### Input data
== Segment start ==

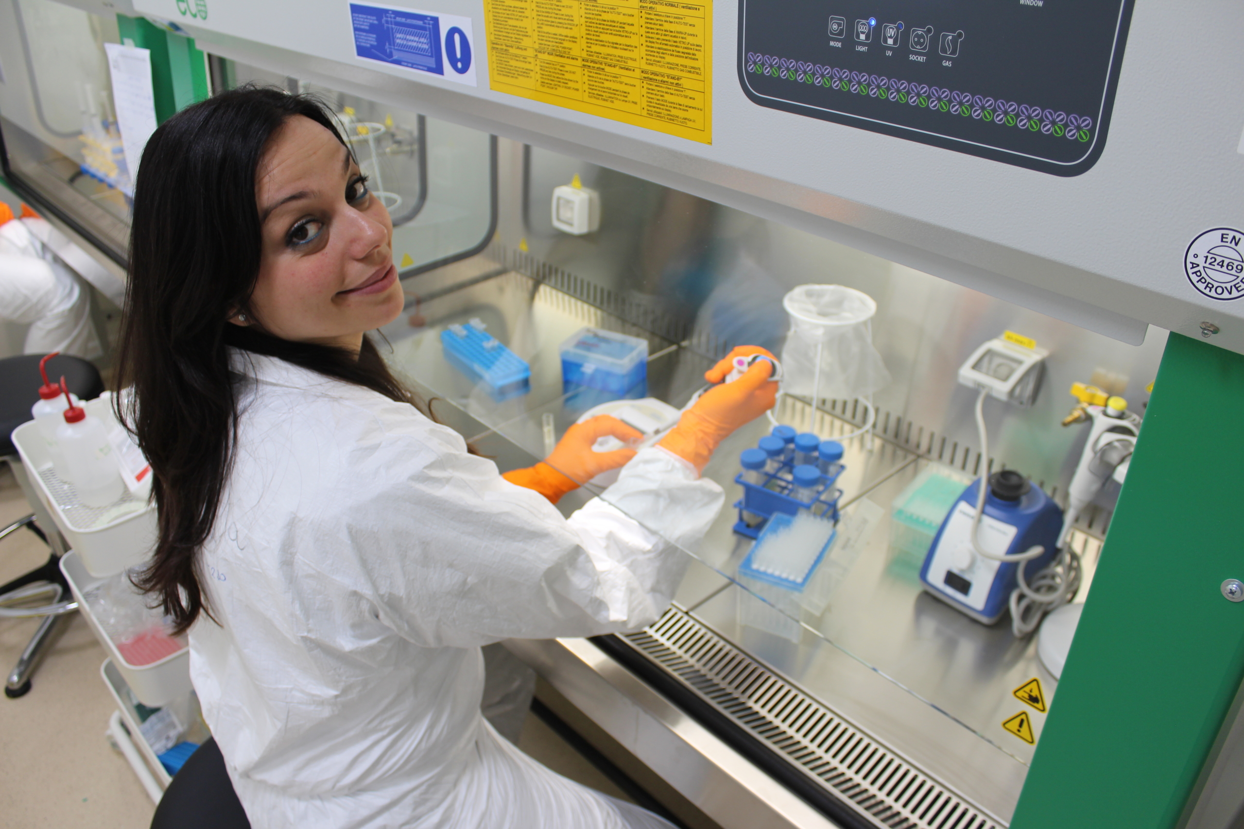 Il laboratorio è il mio posto felice. Lavorando con i patogeni, è un laboratorio a pressione negativa e l’abbigliamento è un po’ scomodo perché ho un mega–tutone da capo a piedi, tipo SuperMario. Tante volte non vedi il sole, però è proprio un posto di pace, anche se ho a che fare con i cattivi. È un posto dove c’è ordine, perché l’ordine ti aiuta a proteggerti e se sbagli una procedura ti metti a rischio, metti a rischio gli altri. Al microscopio potrei passarci delle ore, degli anni, a guardare i miei batteri, quello che fanno, quello che faccio io a loro, poverini gliene faccio di tutti i colori e poi a modo loro si vendicano. Sono microscopi diversi, a fluorescenza o a scansione elettronica dove vedi tutto in 3D. Non finisci mai di scoprire, basta osservare. E poi però devi capire perché una certa cosa che hai visto è così.
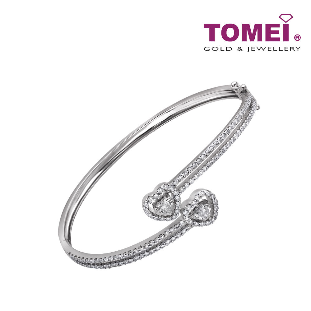 TOMEI Dwi-Hearts Diamond Bangle, White Gold 750 (B0303)
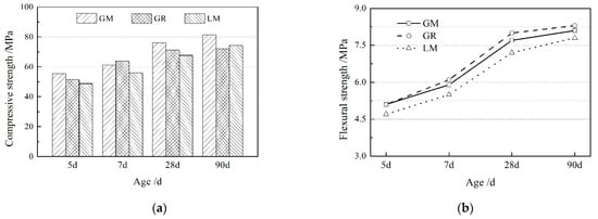 Figure 2 displays the results of the compressive strength and bending strength of concrete. With increasing age, the compressive strength and flexural strength of concrete prepared with manufactured sand and natural sand, respectively, increase gradually, and the rate of the strength increase appears rapidly at first, and slows after the curing age of 28 days. The compressive strength of the GM group is the highest, the GR group is second best, and the GM group is the lowest. Comparing the experimental results between the GM and GR groups shows that the compressive strength of concrete prepared using manufactured sand is higher than concrete prepared using natural sand. The compressive strength of GM was 7.8% higher than that of GR when the curing age is 5 d. At 90 d, the compressive strength of GM was 14.6% higher than that of GR.

== Segment end ==

### Work to be completed
Everything in the material above must be repeated exactly, apart from its pictures.

### Expected answer
 Il laboratorio è il mio posto felice. Lavorando con i patogeni, è un laboratorio a pressione negativa e l’abbigliamento è un po’ scomodo perché ho un mega–tutone da capo a piedi, tipo SuperMario. Tante volte non vedi il sole, però è proprio un posto di pace, anche se ho a che fare con i cattivi. È un posto dove c’è ordine, perché l’ordine ti aiuta a proteggerti e se sbagli una procedura ti metti a rischio, metti a rischio gli altri. Al microscopio potrei passarci delle ore, degli anni, a guardare i miei batteri, quello che fanno, quello che faccio io a loro, poverini gliene faccio di tutti i colori e poi a modo loro si vendicano. Sono microscopi diversi, a fluorescenza o a scansione elettronica dove vedi tutto in 3D. Non finisci mai di scoprire, basta osservare. E poi però devi capire perché una certa cosa che hai visto è così.
 TOMEI Dwi-Hearts Diamond Bangle, White Gold 750 (B0303)
 Figure 2 displays the results of the compressive strength and bending strength of concrete. With increasing age, the compressive strength and flexural strength of concrete prepared with manufactured sand and natural sand, respectively, increase gradually, and the rate of the strength increase appears rapidly at first, and slows after the curing age of 28 days. The compressive strength of the GM group is the highest, the GR group is second best, and the GM group is the lowest. Comparing the experimental results between the GM and GR groups shows that the compressive strength of concrete prepared using manufactured sand is higher than concrete prepared using natural sand. The compressive strength of GM was 7.8% higher than that of GR when the curing age is 5 d. At 90 d, the compressive strength of GM was 14.6% higher than that of GR.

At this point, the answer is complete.